-- TASK TO COMPLETE --
Copy the data below exactly, but not the pictures it contains.

[[ INFORMATION PROVIDED open ]]

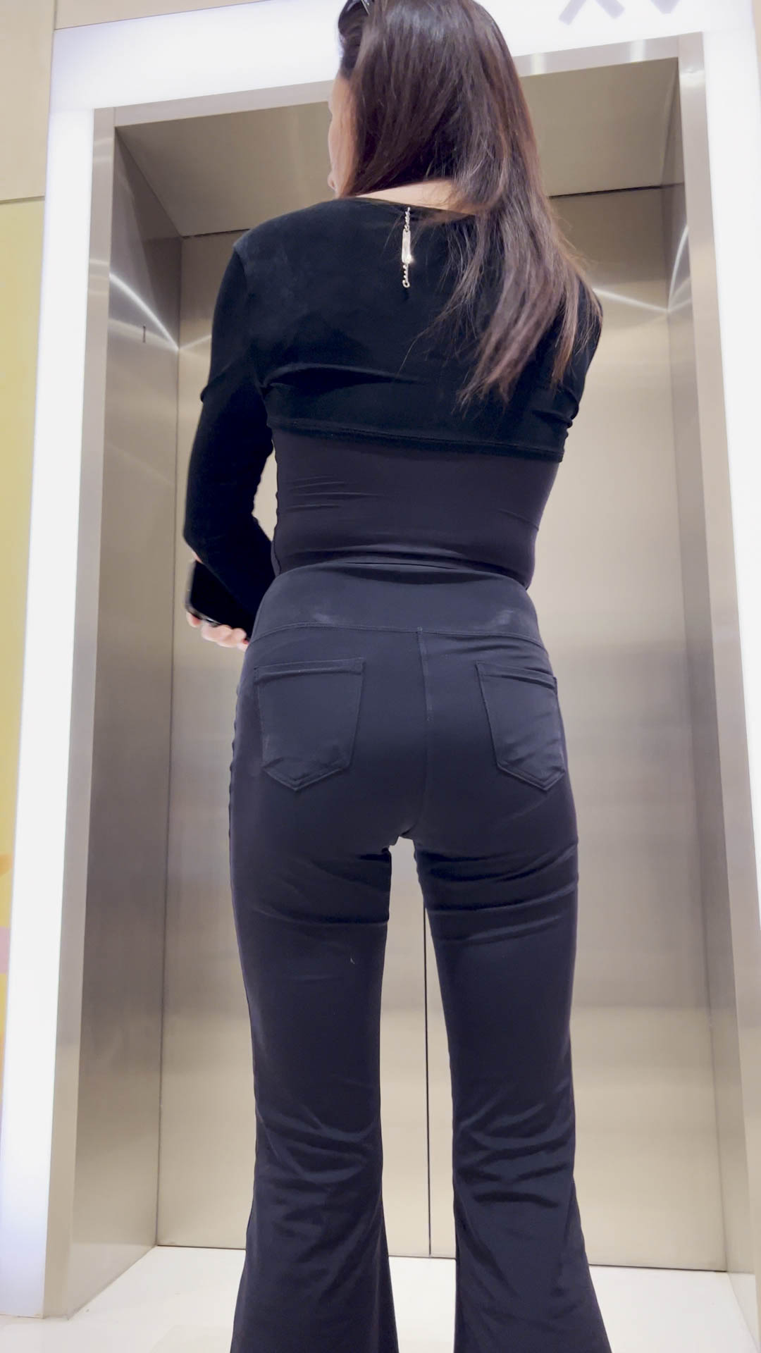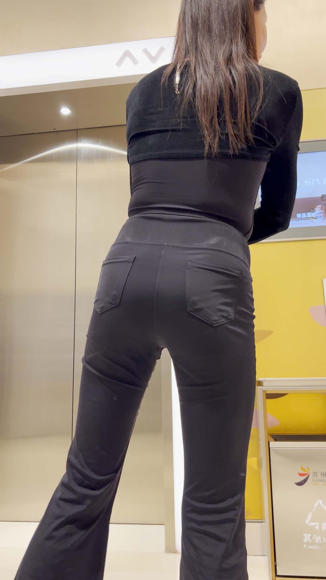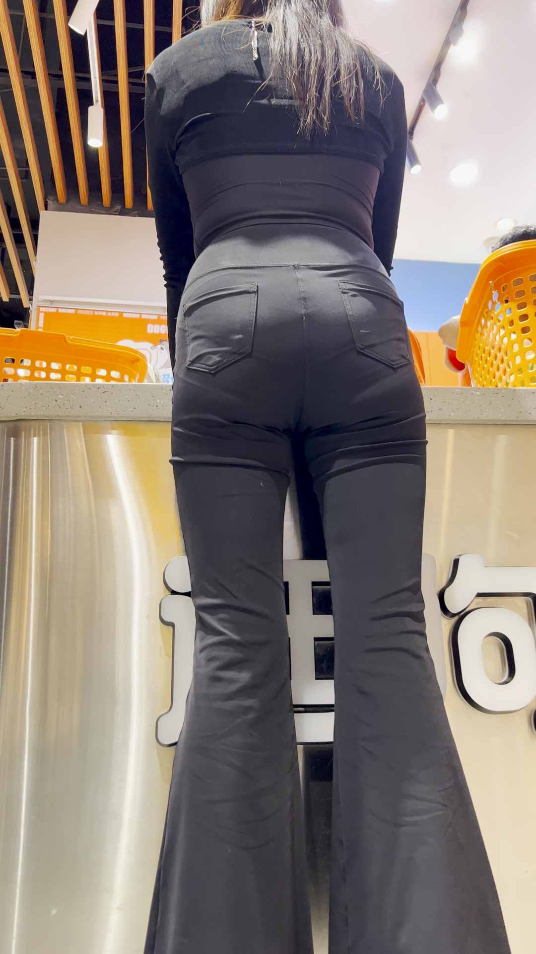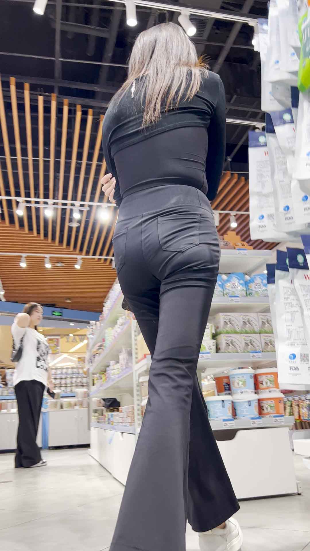 B244高挑黑裤透内痕包臀少妇
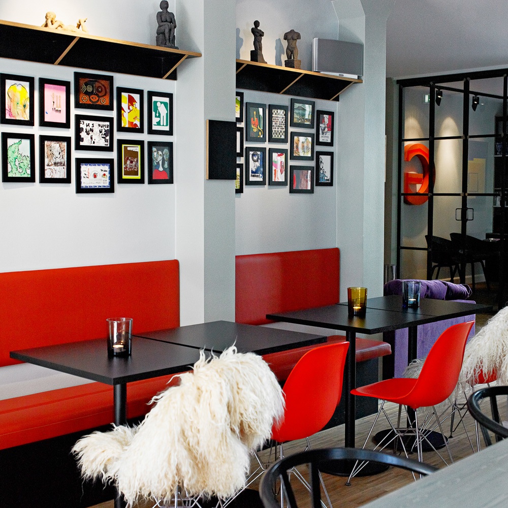 The breakfast hall is also the 'living room' and the nightly tapas bar. The pictured mounted on every wall are part of the new Artmoney concept and are up for sale. Artists can pay their stay at the Ibsens with art which will then be sold on-site for 200 crowns.
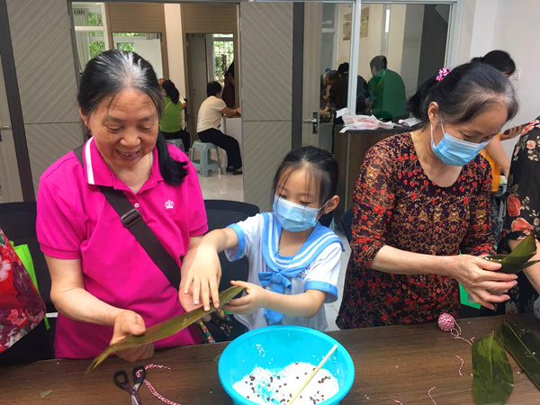 在包粽子環(huán)節(jié),老黨員們認(rèn)真細(xì)致地教授小朋友們、年輕黨員包粽子的技巧,卷粽葉、加米、加紅棗、掩口、裹緊、系繩,一個(gè)個(gè)忙得不亦樂乎。最后,大家一起品嘗了自己的勞動(dòng)成果!敖裉斓幕顒(dòng)很有意義,讓小朋友們更加深入地了解了我們的傳統(tǒng)節(jié)日,還體驗(yàn)了包粽子的樂趣,希望社區(qū)以后能多開展此類活動(dòng)!庇變簣@帶隊(duì)老師這樣表示。(劉政寧、晏霞)
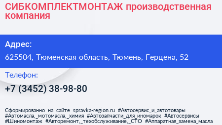 СИБКОМПЛЕКТМОНТАЖ, производственная компания по адресу 625504, Тюменская область, Тюмень, Герцена, 52 в дальнейшем Организация, размещена в следующих категориях:

[[ INFORMATION PROVIDED closed ]]

-- TASK OUTPUT --
 B244高挑黑裤透内痕包臀少妇
 The breakfast hall is also the 'living room' and the nightly tapas bar. The pictured mounted on every wall are part of the new Artmoney concept and are up for sale. Artists can pay their stay at the Ibsens with art which will then be sold on-site for 200 crowns.
 在包粽子環(huán)節(jié),老黨員們認(rèn)真細(xì)致地教授小朋友們、年輕黨員包粽子的技巧,卷粽葉、加米、加紅棗、掩口、裹緊、系繩,一個(gè)個(gè)忙得不亦樂乎。最后,大家一起品嘗了自己的勞動(dòng)成果!敖裉斓幕顒(dòng)很有意義,讓小朋友們更加深入地了解了我們的傳統(tǒng)節(jié)日,還體驗(yàn)了包粽子的樂趣,希望社區(qū)以后能多開展此類活動(dòng)!庇變簣@帶隊(duì)老師這樣表示。(劉政寧、晏霞)
 СИБКОМПЛЕКТМОНТАЖ, производственная компания по адресу 625504, Тюменская область, Тюмень, Герцена, 52 в дальнейшем Организация, размещена в следующих категориях:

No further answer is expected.